**The task**
Repeat the data that follows exactly, starting at the line with "湖南省安迪爾衛生用品有限公司" and ending at the line with "Zurück in der", and leave out every picture.
------
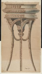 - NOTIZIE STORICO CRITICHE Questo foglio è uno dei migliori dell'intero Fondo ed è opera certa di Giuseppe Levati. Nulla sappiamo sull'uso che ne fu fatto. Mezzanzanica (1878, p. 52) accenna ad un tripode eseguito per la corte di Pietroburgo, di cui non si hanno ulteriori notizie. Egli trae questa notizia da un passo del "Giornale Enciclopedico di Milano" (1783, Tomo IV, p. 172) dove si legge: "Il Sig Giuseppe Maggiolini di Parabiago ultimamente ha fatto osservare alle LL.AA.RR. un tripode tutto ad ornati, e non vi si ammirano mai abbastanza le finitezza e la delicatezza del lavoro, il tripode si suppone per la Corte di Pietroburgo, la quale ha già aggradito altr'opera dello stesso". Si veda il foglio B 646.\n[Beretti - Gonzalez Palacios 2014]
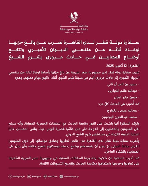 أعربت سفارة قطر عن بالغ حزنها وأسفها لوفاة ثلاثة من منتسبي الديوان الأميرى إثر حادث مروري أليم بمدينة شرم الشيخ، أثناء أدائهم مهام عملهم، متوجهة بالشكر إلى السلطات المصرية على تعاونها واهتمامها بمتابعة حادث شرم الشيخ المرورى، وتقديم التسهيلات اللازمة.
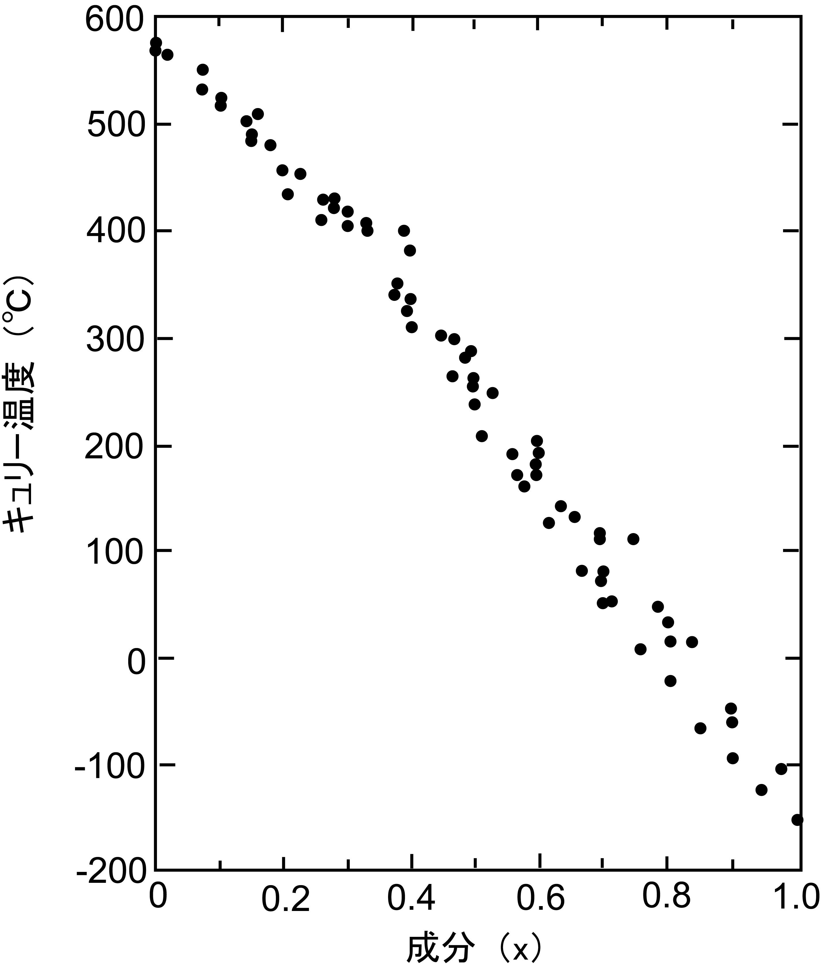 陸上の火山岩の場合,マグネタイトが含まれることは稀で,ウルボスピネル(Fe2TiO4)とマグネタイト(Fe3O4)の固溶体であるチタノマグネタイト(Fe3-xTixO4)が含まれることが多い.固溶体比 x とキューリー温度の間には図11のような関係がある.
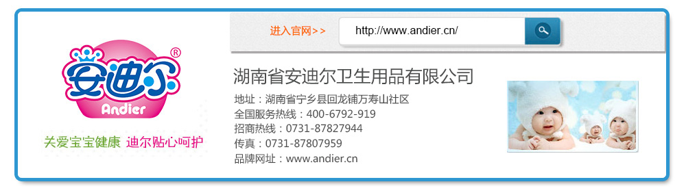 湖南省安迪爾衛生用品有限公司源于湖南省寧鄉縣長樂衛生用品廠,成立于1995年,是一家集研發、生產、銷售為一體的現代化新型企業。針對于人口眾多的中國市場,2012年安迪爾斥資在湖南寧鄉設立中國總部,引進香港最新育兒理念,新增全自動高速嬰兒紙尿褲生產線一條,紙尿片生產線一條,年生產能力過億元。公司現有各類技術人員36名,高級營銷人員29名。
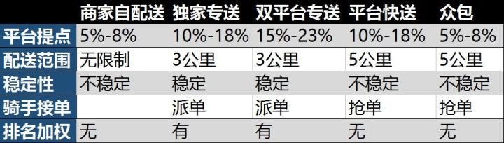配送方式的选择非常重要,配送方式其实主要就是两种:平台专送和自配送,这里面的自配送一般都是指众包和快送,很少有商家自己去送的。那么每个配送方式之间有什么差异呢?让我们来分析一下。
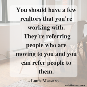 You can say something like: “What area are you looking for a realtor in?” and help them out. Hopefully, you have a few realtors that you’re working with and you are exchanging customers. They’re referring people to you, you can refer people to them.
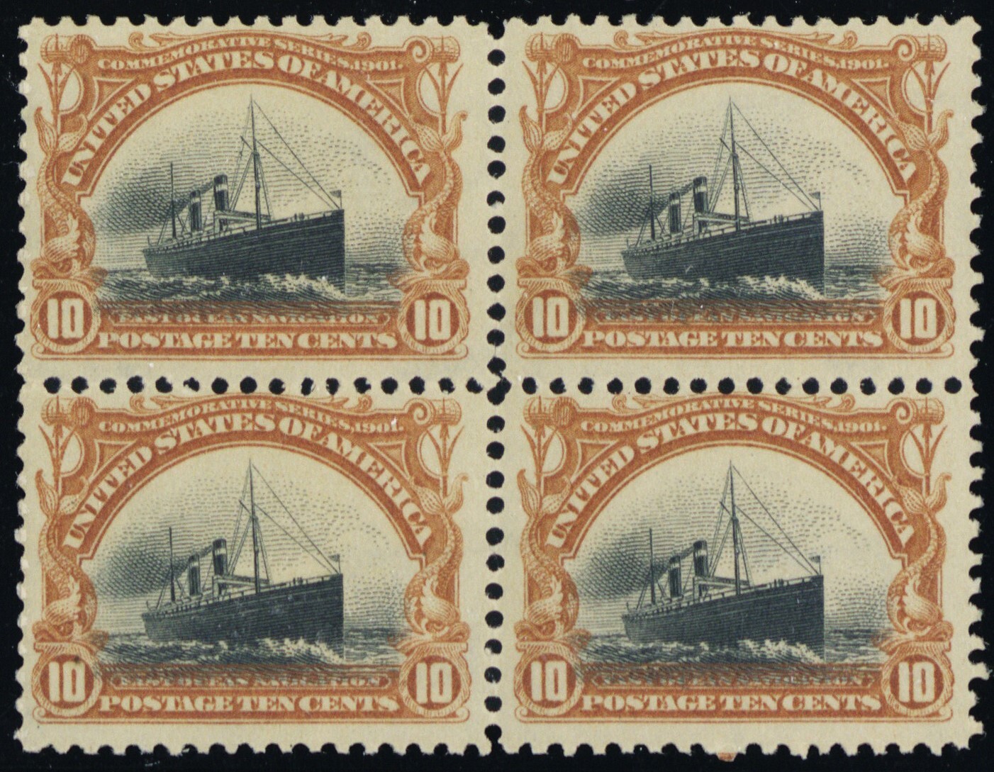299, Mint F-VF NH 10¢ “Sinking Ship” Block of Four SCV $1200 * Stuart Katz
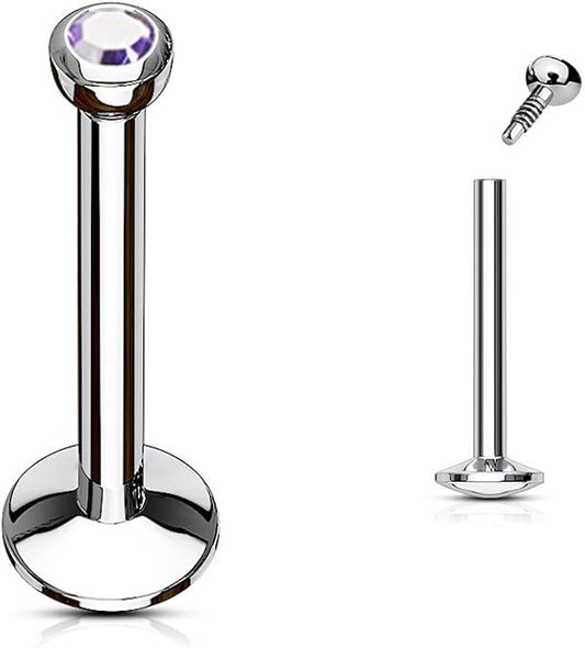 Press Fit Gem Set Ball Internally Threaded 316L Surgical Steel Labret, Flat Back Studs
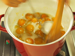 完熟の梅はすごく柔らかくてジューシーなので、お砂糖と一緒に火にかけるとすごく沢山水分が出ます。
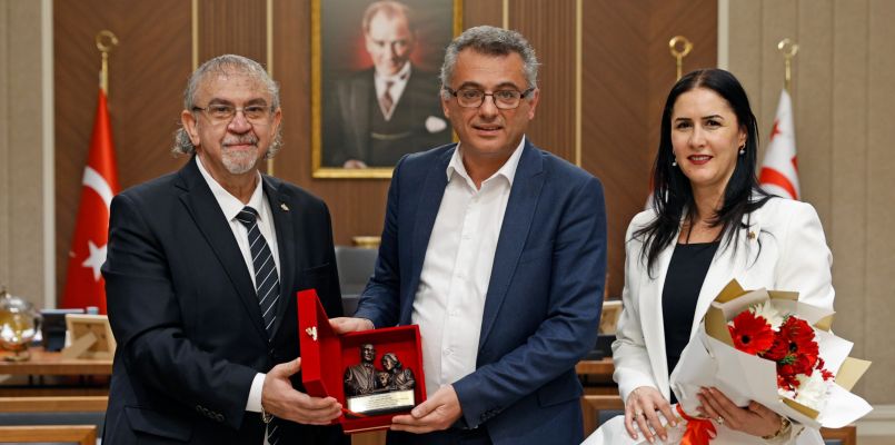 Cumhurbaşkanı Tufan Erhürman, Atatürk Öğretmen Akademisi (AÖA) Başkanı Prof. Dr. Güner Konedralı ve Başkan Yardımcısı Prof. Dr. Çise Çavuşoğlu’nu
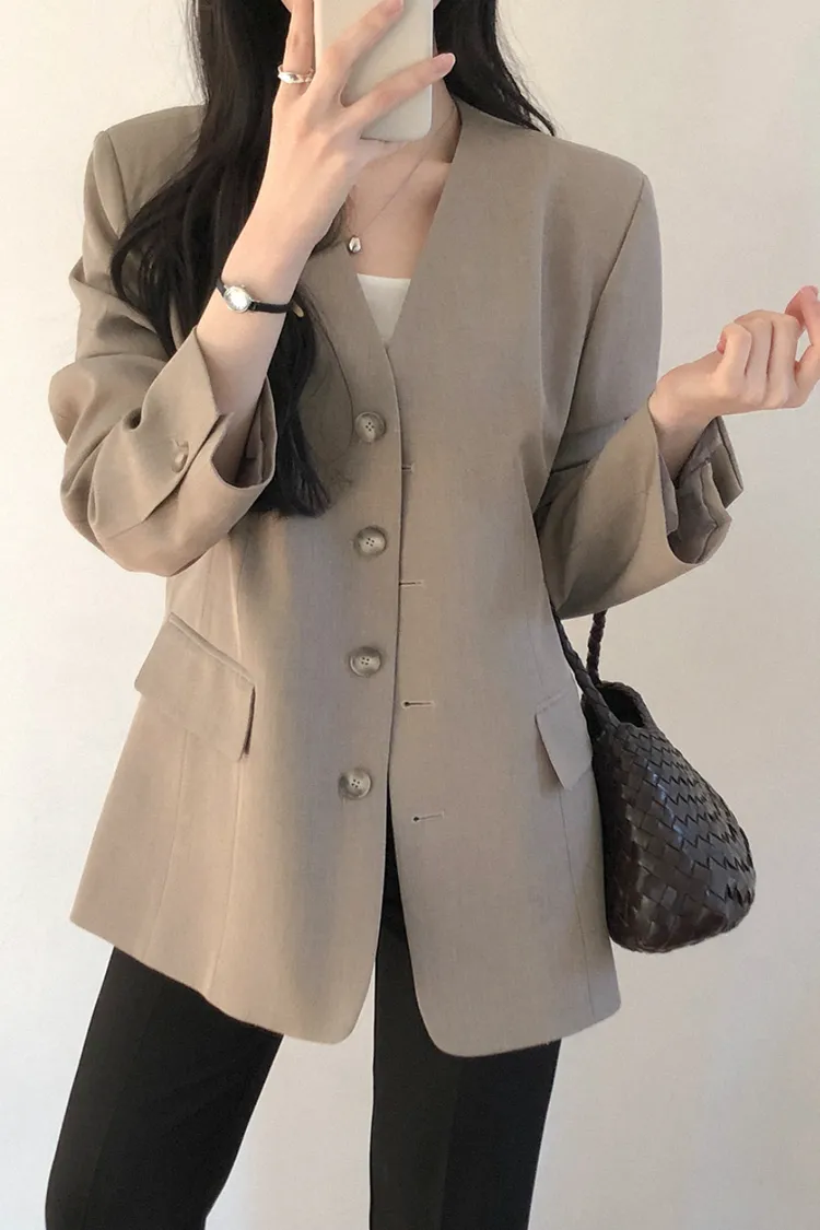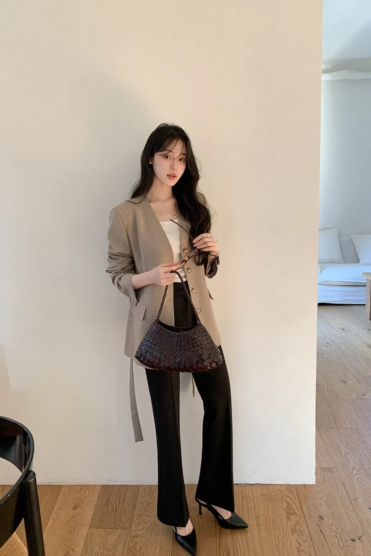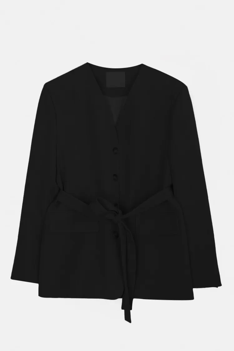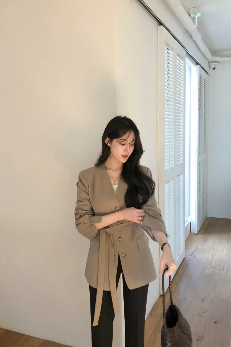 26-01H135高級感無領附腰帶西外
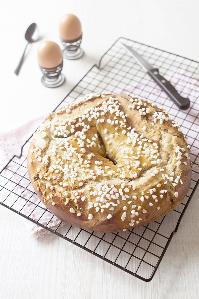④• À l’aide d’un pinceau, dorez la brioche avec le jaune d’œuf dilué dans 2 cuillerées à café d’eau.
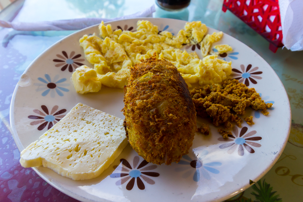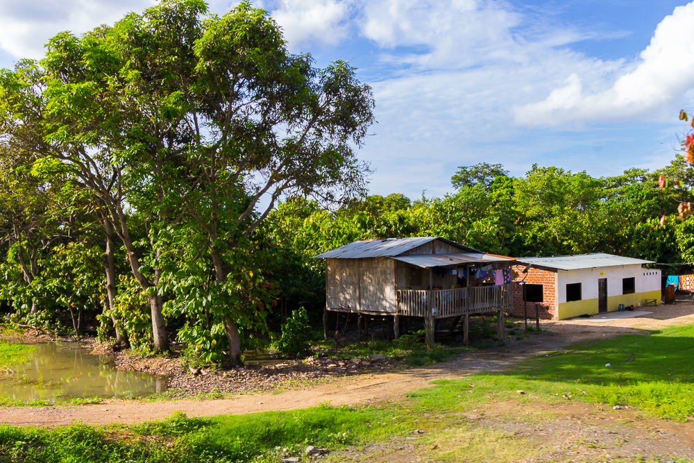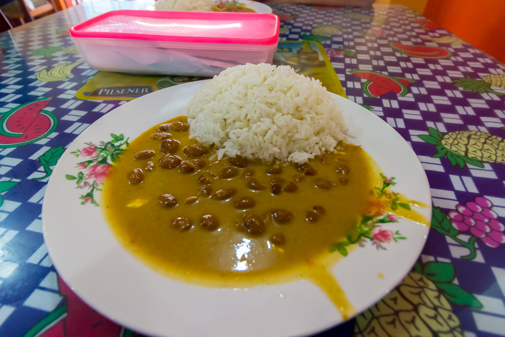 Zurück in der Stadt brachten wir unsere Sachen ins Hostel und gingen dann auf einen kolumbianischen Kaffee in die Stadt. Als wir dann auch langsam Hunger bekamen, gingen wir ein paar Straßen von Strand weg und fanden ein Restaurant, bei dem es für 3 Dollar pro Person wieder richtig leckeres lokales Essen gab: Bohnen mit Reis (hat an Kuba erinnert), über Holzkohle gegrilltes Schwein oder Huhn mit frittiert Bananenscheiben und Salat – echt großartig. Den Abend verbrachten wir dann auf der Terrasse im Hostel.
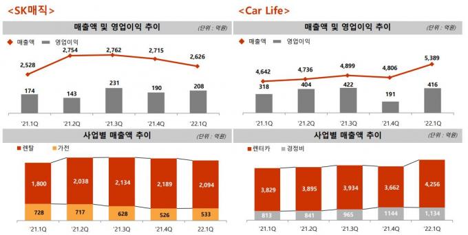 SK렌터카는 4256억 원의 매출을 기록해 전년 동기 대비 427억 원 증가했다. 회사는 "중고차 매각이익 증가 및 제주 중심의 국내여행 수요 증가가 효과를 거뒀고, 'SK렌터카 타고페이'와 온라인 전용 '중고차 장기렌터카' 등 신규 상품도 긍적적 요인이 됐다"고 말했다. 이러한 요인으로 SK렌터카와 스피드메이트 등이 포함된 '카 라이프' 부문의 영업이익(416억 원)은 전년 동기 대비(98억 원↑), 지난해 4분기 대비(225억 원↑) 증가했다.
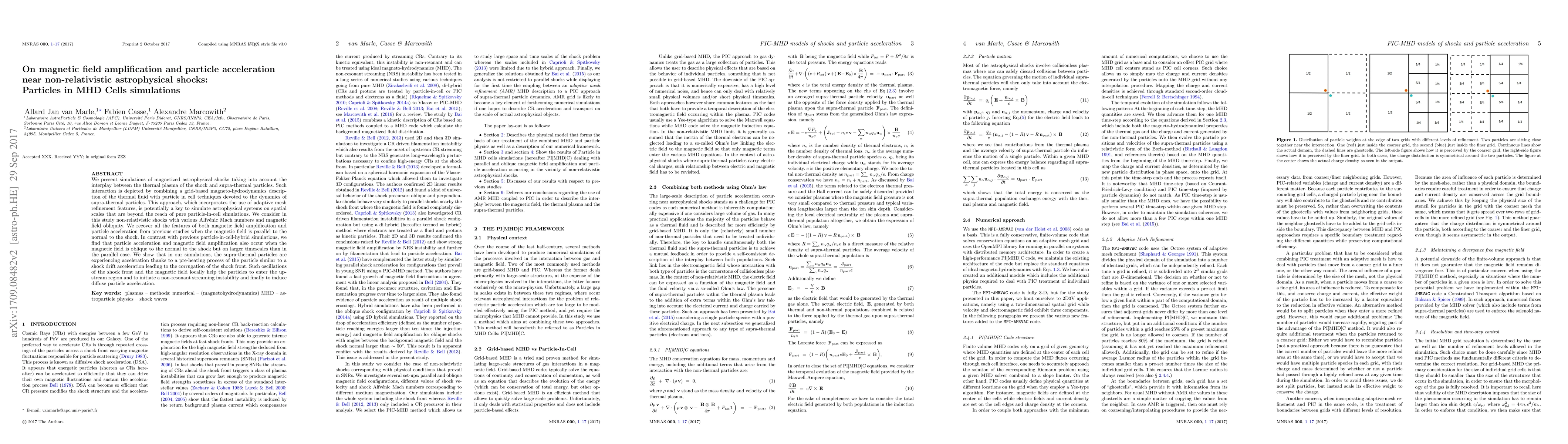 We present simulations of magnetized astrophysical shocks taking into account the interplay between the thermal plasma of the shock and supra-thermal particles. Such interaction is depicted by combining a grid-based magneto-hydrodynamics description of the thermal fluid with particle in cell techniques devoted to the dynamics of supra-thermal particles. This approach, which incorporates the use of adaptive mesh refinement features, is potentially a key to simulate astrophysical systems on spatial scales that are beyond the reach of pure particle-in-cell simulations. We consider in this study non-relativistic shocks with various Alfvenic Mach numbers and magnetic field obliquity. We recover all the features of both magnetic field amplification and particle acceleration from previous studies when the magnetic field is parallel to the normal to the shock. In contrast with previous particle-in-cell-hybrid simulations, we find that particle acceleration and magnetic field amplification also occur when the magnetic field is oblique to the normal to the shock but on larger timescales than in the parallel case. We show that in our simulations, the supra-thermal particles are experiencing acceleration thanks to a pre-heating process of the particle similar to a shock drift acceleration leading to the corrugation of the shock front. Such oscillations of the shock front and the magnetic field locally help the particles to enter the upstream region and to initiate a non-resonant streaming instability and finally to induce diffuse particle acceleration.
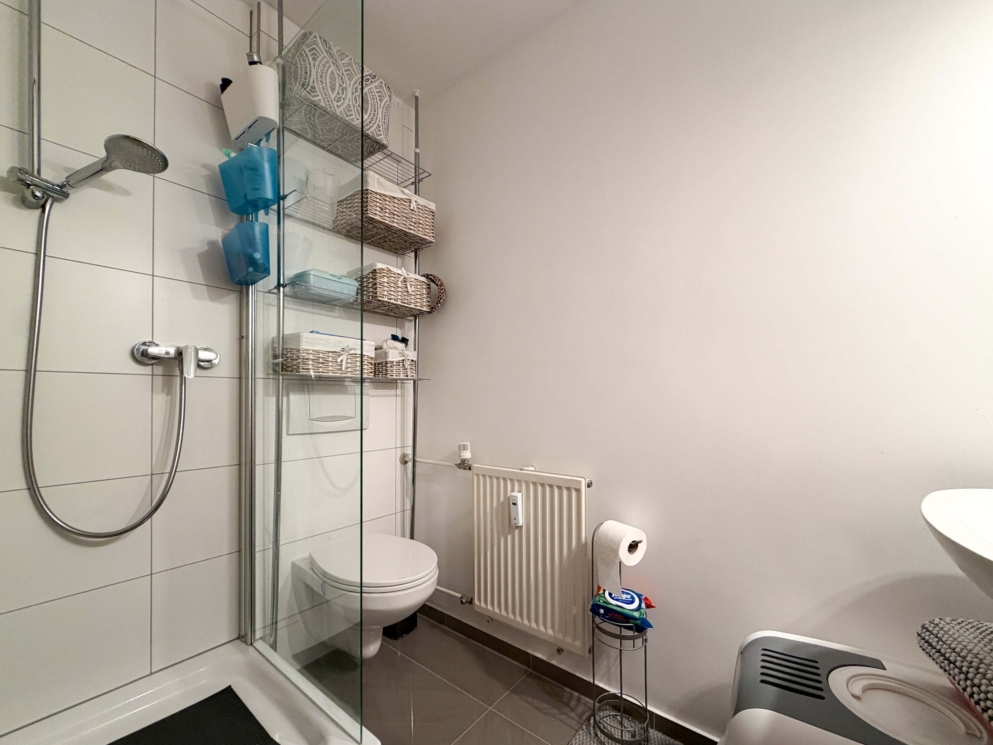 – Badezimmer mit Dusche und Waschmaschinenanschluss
------
**Expected answer**
 湖南省安迪爾衛生用品有限公司源于湖南省寧鄉縣長樂衛生用品廠,成立于1995年,是一家集研發、生產、銷售為一體的現代化新型企業。針對于人口眾多的中國市場,2012年安迪爾斥資在湖南寧鄉設立中國總部,引進香港最新育兒理念,新增全自動高速嬰兒紙尿褲生產線一條,紙尿片生產線一條,年生產能力過億元。公司現有各類技術人員36名,高級營銷人員29名。
配送方式的选择非常重要,配送方式其实主要就是两种:平台专送和自配送,这里面的自配送一般都是指众包和快送,很少有商家自己去送的。那么每个配送方式之间有什么差异呢?让我们来分析一下。
 You can say something like: “What area are you looking for a realtor in?” and help them out. Hopefully, you have a few realtors that you’re working with and you are exchanging customers. They’re referring people to you, you can refer people to them.
299, Mint F-VF NH 10¢ “Sinking Ship” Block of Four SCV $1200 * Stuart Katz
 Press Fit Gem Set Ball Internally Threaded 316L Surgical Steel Labret, Flat Back Studs
 完熟の梅はすごく柔らかくてジューシーなので、お砂糖と一緒に火にかけるとすごく沢山水分が出ます。
 Cumhurbaşkanı Tufan Erhürman, Atatürk Öğretmen Akademisi (AÖA) Başkanı Prof. Dr. Güner Konedralı ve Başkan Yardımcısı Prof. Dr. Çise Çavuşoğlu’nu
 26-01H135高級感無領附腰帶西外
④• À l’aide d’un pinceau, dorez la brioche avec le jaune d’œuf dilué dans 2 cuillerées à café d’eau.
 Zurück in der Stadt brachten wir unsere Sachen ins Hostel und gingen dann auf einen kolumbianischen Kaffee in die Stadt. Als wir dann auch langsam Hunger bekamen, gingen wir ein paar Straßen von Strand weg und fanden ein Restaurant, bei dem es für 3 Dollar pro Person wieder richtig leckeres lokales Essen gab: Bohnen mit Reis (hat an Kuba erinnert), über Holzkohle gegrilltes Schwein oder Huhn mit frittiert Bananenscheiben und Salat – echt großartig. Den Abend verbrachten wir dann auf der Terrasse im Hostel.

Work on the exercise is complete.